What needs to be done =
The entries below contain a line with "Hermosa tarjeta de" and a line with "梱包用ラップ、PPバンドなど". Retype exactly everything from the first down to the second, both included, and nothing else.

Working data =
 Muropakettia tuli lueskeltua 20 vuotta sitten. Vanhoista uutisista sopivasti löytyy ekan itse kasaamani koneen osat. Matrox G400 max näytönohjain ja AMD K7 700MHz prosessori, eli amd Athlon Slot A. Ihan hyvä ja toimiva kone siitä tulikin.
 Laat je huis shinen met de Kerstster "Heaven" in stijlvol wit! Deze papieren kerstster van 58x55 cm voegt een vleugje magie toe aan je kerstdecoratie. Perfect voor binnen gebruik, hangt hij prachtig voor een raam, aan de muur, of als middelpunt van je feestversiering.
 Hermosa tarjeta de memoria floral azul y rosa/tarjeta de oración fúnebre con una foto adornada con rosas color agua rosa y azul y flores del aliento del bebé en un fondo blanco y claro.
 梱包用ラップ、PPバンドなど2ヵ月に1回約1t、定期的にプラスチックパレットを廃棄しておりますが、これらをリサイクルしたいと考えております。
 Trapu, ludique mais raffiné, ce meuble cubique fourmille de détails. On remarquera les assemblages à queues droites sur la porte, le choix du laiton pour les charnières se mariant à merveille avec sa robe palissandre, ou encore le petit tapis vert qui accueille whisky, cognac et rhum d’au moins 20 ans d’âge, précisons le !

==

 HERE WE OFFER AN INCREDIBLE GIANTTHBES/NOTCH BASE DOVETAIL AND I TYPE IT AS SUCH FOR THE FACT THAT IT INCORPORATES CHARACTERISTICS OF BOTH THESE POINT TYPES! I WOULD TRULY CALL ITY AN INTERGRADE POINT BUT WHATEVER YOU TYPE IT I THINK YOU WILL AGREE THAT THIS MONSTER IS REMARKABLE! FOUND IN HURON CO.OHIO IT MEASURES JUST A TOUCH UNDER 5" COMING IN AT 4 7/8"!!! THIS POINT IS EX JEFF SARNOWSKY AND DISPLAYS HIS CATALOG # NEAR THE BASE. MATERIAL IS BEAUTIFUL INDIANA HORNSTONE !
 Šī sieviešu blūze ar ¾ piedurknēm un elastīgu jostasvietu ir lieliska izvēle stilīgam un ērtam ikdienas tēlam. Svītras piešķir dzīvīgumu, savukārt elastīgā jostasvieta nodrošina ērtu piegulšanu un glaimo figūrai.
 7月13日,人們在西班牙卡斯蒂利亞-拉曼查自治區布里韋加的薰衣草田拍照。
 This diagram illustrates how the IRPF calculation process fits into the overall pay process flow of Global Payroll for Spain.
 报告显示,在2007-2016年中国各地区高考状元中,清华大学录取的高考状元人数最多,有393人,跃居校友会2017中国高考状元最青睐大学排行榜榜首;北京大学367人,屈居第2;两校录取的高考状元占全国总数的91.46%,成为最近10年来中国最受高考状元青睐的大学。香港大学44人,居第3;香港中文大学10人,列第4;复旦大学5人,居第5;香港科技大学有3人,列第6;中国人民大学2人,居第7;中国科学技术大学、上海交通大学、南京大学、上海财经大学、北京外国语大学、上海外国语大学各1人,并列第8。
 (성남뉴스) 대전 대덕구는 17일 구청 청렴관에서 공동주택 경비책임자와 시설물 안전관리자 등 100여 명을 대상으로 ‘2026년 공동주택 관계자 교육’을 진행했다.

...

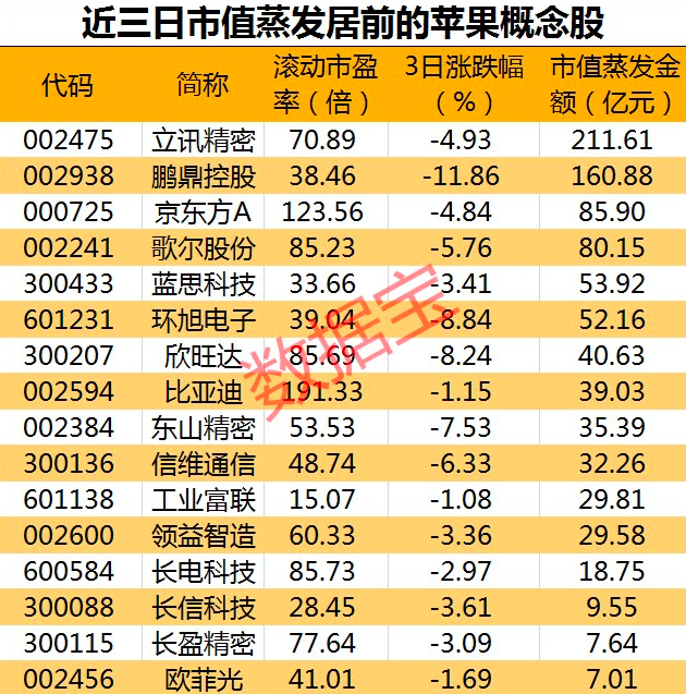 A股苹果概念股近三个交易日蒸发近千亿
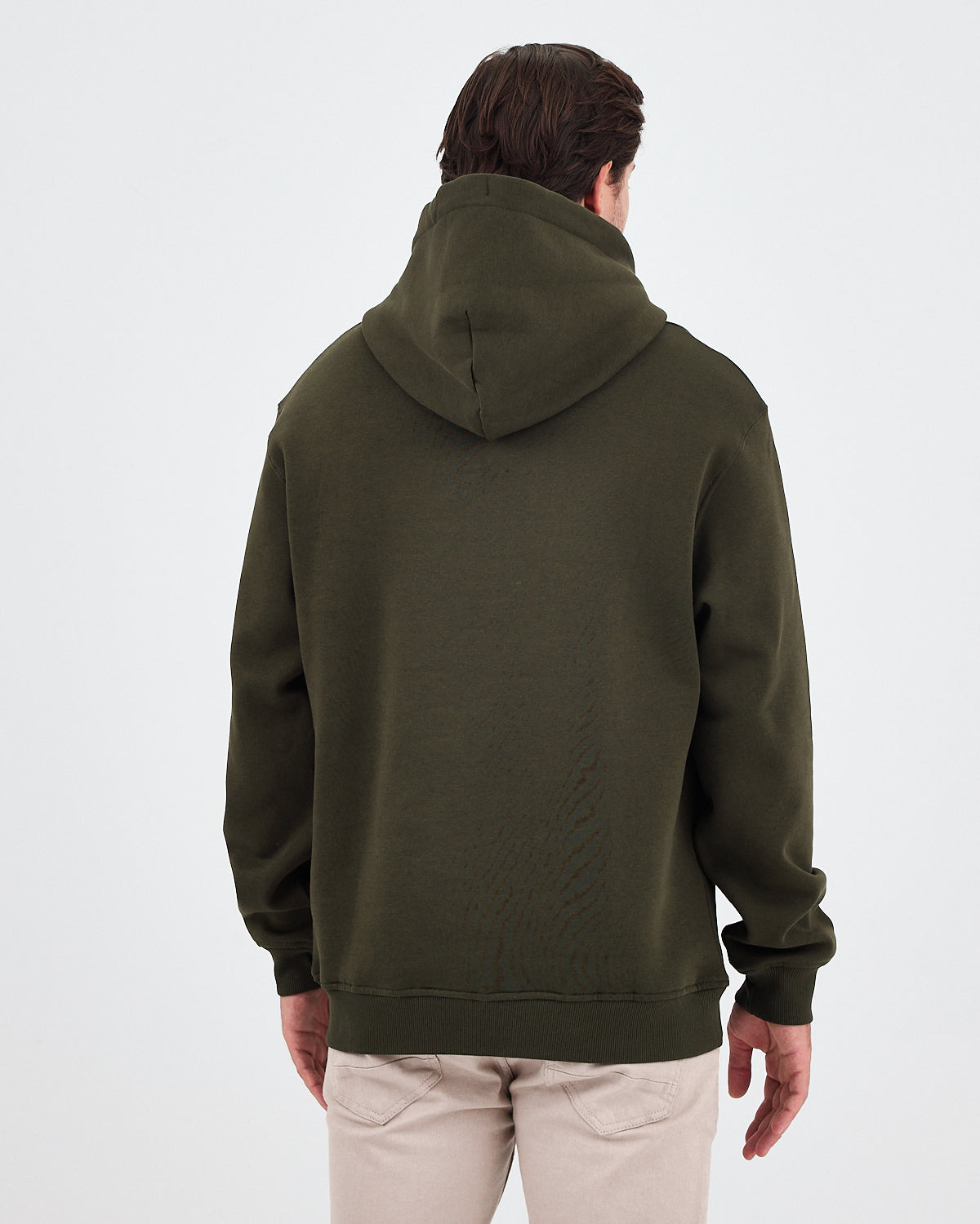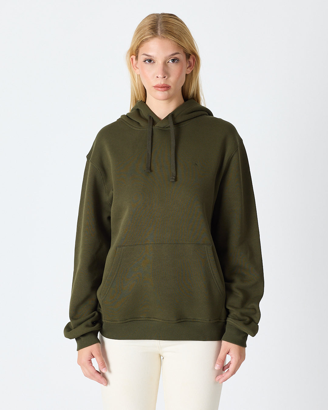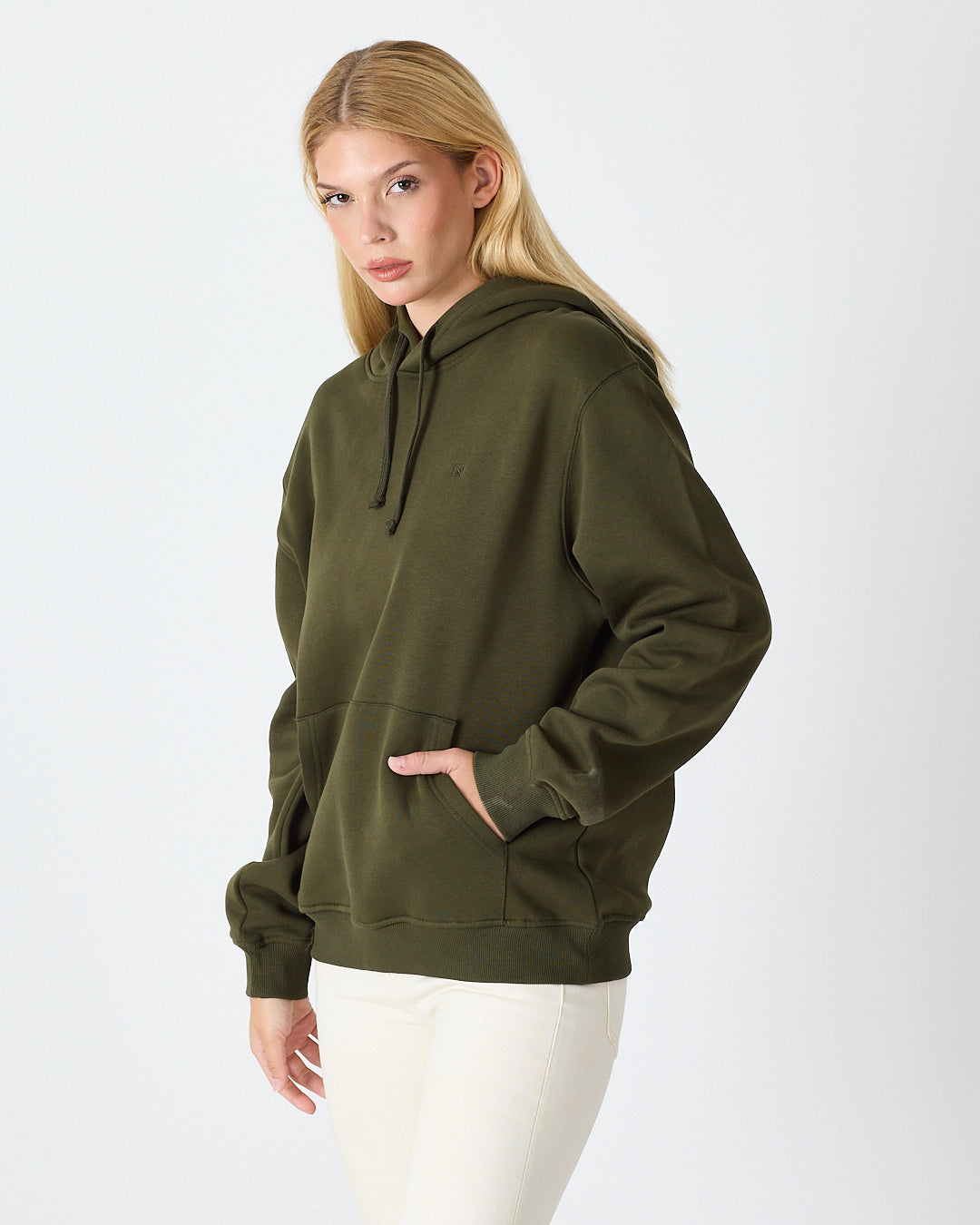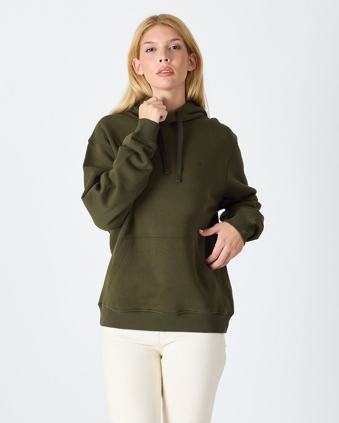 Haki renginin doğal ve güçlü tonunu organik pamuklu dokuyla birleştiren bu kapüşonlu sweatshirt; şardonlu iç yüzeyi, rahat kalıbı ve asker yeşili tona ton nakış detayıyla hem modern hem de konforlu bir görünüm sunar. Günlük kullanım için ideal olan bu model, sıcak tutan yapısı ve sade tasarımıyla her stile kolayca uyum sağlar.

Answer area =
 Hermosa tarjeta de memoria floral azul y rosa/tarjeta de oración fúnebre con una foto adornada con rosas color agua rosa y azul y flores del aliento del bebé en un fondo blanco y claro.
 梱包用ラップ、PPバンドなど2ヵ月に1回約1t、定期的にプラスチックパレットを廃棄しておりますが、これらをリサイクルしたいと考えております。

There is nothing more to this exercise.